I wonder when so many years will have past that I will forget the date? Will I ever forget? Or is it to be forever etched in my soul? Am I destined to always think of the beautiful taste of The Musician and the heartbreak of Trevor, entwined in memories?

“We live and we die. We know not why but I’ll be with you when the deal goes done… We eat and we drink. We feel and we think, far down the street we stray. I laugh and I cry and I’m haunted by things I never hoped or wished to say. The midnight rain follows the train. We all wear the same thorny crown. Soul to soul our shadows roll and I’ll be with you when the deal goes down…”

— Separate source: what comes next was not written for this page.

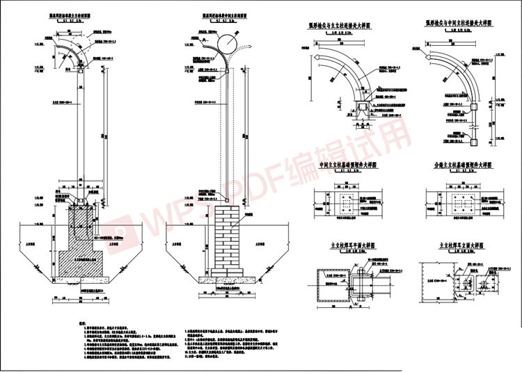 2、砖砌矮墙与主立柱基础间设置结构缝,缝宽为20mm,缝内填高压聚乙烯闭孔泡沫板;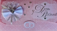 Розмір 160Х90 мм. Висічка, тиснення сріблом, ручні елементи. В комплекті повноколірний вкладиш з привітанням і пакет

Some days I feel that everything is different, that the whole world has changed and nothing is the same. Then sometimes I look around and feel like I’m standing in exactly the same spot. Sometimes I think my memories are just dreams. Did it all really happen? I struggle to remember the feel of certain touches… too surreal to be factual.

Have I changed? Or have I just awoken to who I always was? Was I living in a dream for years? Sometimes I think I’ve come so far, and then I remember how flawed I really am… and how much I have to grow.

I’ve had a lot of things on my mind the past couple days, most of which I don’t even know how or what to say. I wish I was as good with women as I am with men. I wish I naturally sensed when I was out of line, before I do land myself in the middle of somewhere I don’t belong… I’m trying to learn. I am. Sometimes I’m afraid of Who I Am.

I'm a work in progress.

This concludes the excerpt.